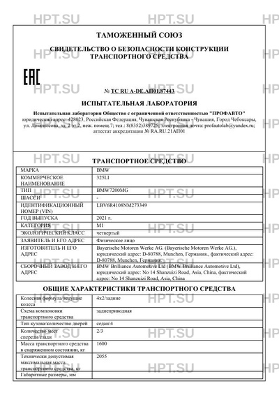 | Коммерческое наименование | 325LI |
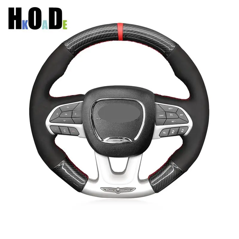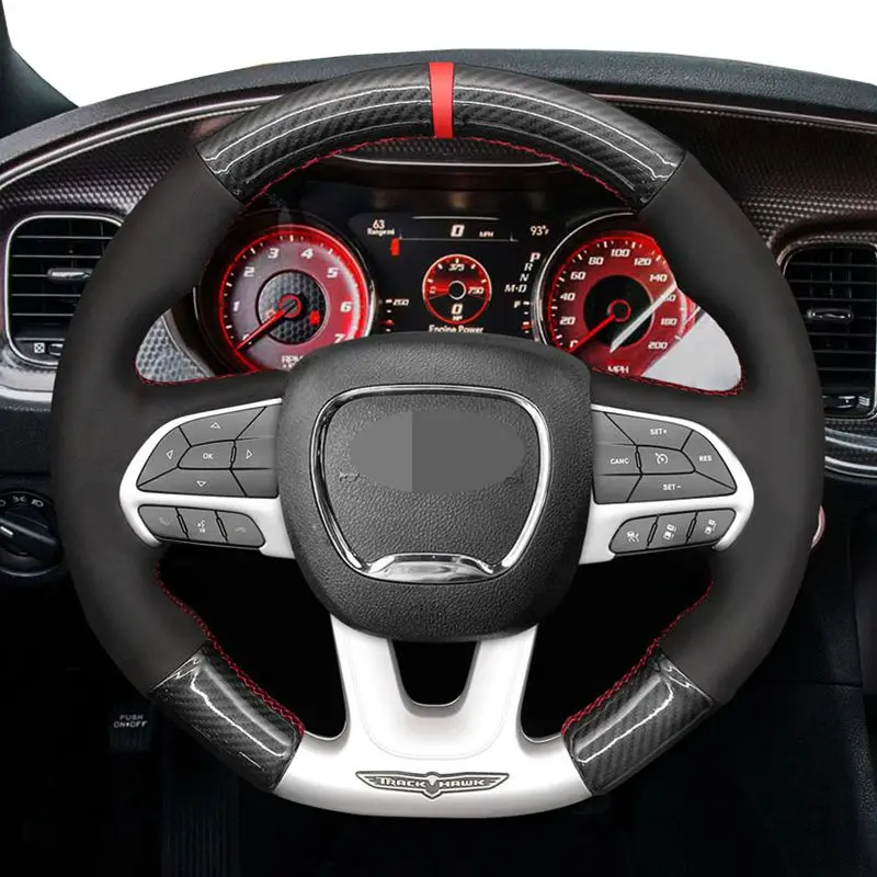 Оплетка на руль для Dodge (SRT), Challenger, Dodge Charger 2015-2021, замшевая, черная, из углеродного волокна
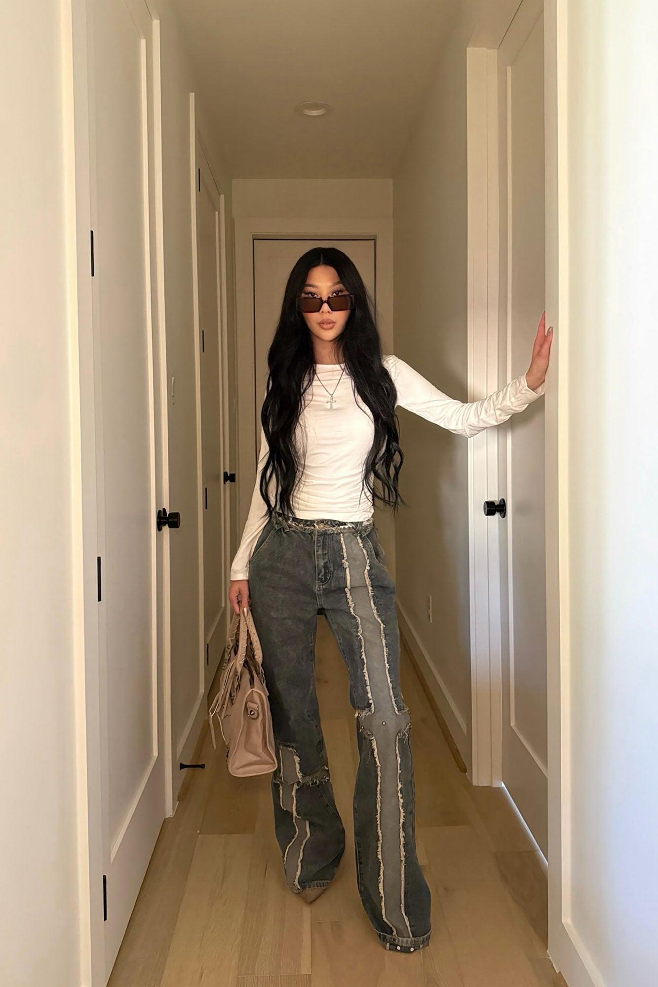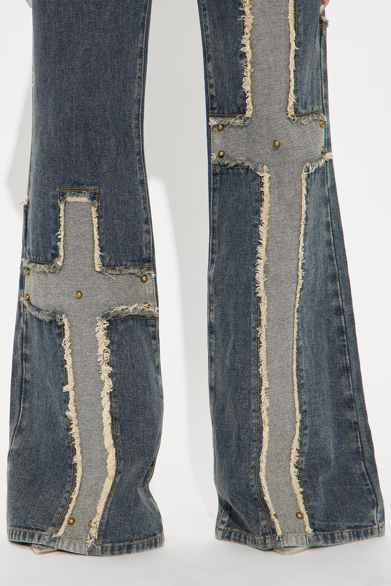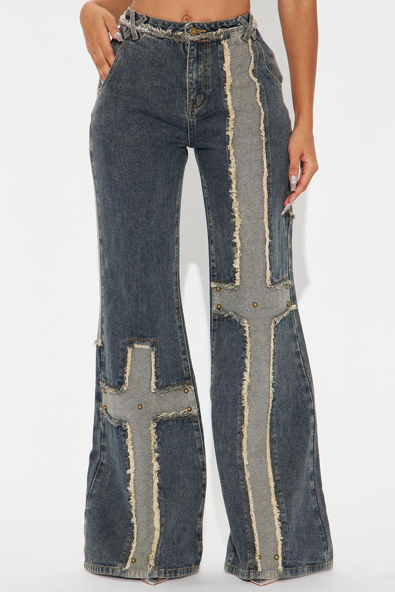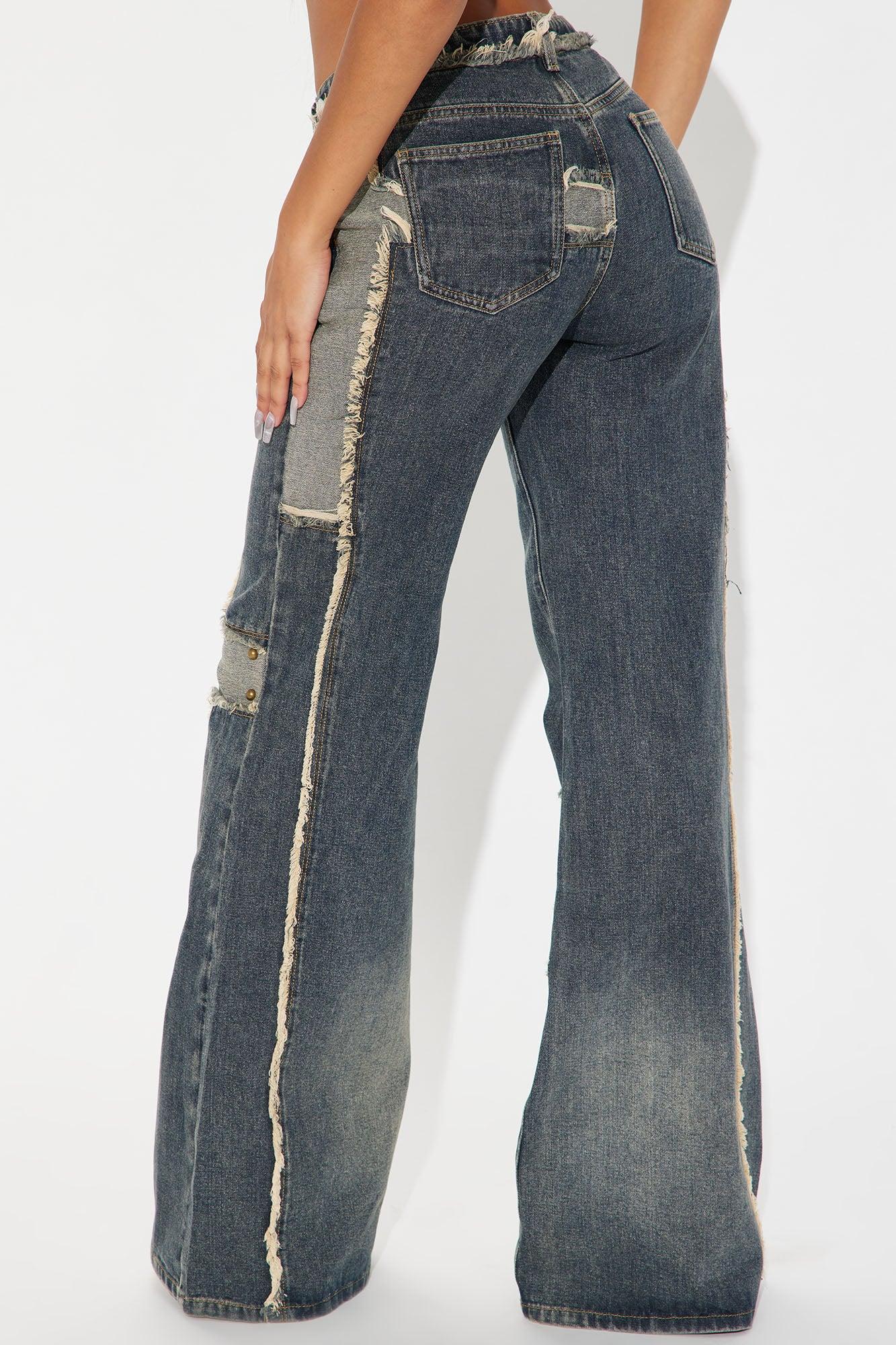 Available In Grey. Straight Leg Jean Pockets Seaming Two Tone Detail Fray Waistband Embellished 10.5" High Rise 32" Inseam Non Stretch Disclaimer: Due To The Specialized Wash Process, Each Garment Is Unique. 80% Cotton 20% Polyester Imported
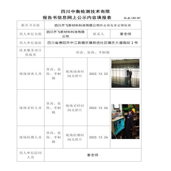 四川齐飞新材料科技有限公司定期检测
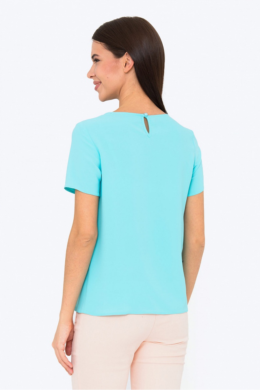 Блузка прямого кроя с короткими рукавами. Модель из легкого текстиля приятного синего цвета. Блузка хорошо сидит, комфортная в носке. Прекрасный выбор на каждый день и для офиса. Рост фотомодели 172 см.
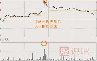 股價持續(xù)下跌(跌勢)時某日尾市放巨量,乃恐慌性拋售所致,是大盤將跳空而下的訊號。
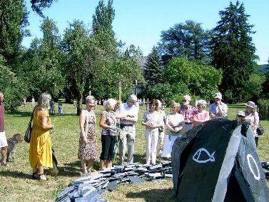 Die Besucher der Dauerkunstausstellung im Park von
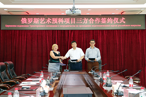 双方就各自的优势、需求,合作事项等进行交流。随后,双方签订了俄罗斯艺术预料项目三方合作协议,并互赠礼物。(摄影:安益民 牛芃生)

● **YOUR GOAL**: When you write out the material, keep every line exact and leave out each picture.

● **EXERCISE OUTPUT**:
 | Коммерческое наименование | 325LI |
 Оплетка на руль для Dodge (SRT), Challenger, Dodge Charger 2015-2021, замшевая, черная, из углеродного волокна
 Available In Grey. Straight Leg Jean Pockets Seaming Two Tone Detail Fray Waistband Embellished 10.5" High Rise 32" Inseam Non Stretch Disclaimer: Due To The Specialized Wash Process, Each Garment Is Unique. 80% Cotton 20% Polyester Imported
 四川齐飞新材料科技有限公司定期检测
 Блузка прямого кроя с короткими рукавами. Модель из легкого текстиля приятного синего цвета. Блузка хорошо сидит, комфортная в носке. Прекрасный выбор на каждый день и для офиса. Рост фотомодели 172 см.
 股價持續(xù)下跌(跌勢)時某日尾市放巨量,乃恐慌性拋售所致,是大盤將跳空而下的訊號。
 Die Besucher der Dauerkunstausstellung im Park von
 双方就各自的优势、需求,合作事项等进行交流。随后,双方签订了俄罗斯艺术预料项目三方合作协议,并互赠礼物。(摄影:安益民 牛芃生)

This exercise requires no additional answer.